Pertanyaan ini cukup menantang. Sebabnya aku terjebak di antara halu dan teori benalu.
Maksudnya demikian;
Pertama aku sebenarnya sudah tidak mau lagi menjalankan usaha toko buku, karena kesibukanku sudah beralih ke usaha yang lain.
Kedua, aku tidak yakin dengan kemampuanku. Baik dari sisi permodalan maupun tenaga.
Ketiga, ada perasaan kecewa untuk mencoba kembali ke wilayah yang pernah membuatku gagal.

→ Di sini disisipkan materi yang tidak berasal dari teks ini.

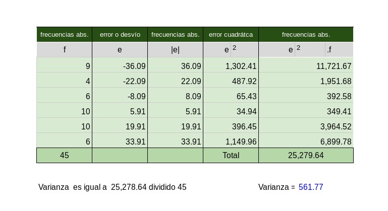 Al igual que en la distribución en una serie, se debe elevar al cuadrado el error o desvío, y luego multiplicar por la frecuencia, que son las veces que se repite ese error en el intervalo.
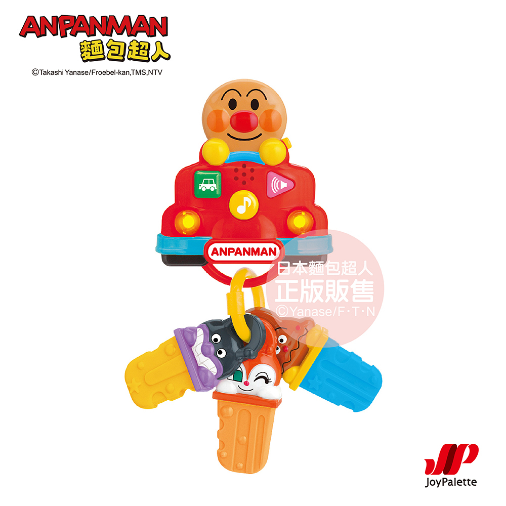 麵包超人車車造型設計,內附3種造型鑰匙玩具(細菌人、紅精靈、咖哩超人),

Namun, tetap saja. Tidak ada hal yang tidak mungkin. Jadi, daripada hanya kupendam dalam hati, lebih baik rencana ini aku sebarkan saja di Kompasiana. Dengan harapan, kalaupun itu bukan aku, mungkin tulisan ini bisa menjadi inspirasi bagi banyak orang di luar sana untuk menjalankan bisnis toko buku yang sudah hampir punah. Hitung-hitung, memberikan kontribusi kepada dunia literasi Indonesia.
Yuk kita simak.
Jangan Melakukan Investasi yang Terlalu Besar
Kesalahanku dalam berbisnis toko buku adalah melakukan investasi yang terlalu besar. Biaya pembangunan dan renovasi melebihi ekspektasiku. Hingga pada saat omzet tidak mendukung, aku kelimpungan.
Selain itu, jumlah pegawai yang aku libatkan juga terlalu banyak. Bisa dimaklumi, karena pada 1997 interaksi fisik masih sangat diperlukan. Belum ada teknologi yang mendukung kegiatan sosial media. Servis kepada pelanggan adalah hal utama.
Satu-satunya hal yang cukup membantu adalah gedung tempat usaha adalah milik keluarga. Sehingga tidak ada biaya tambahan untuk sewa.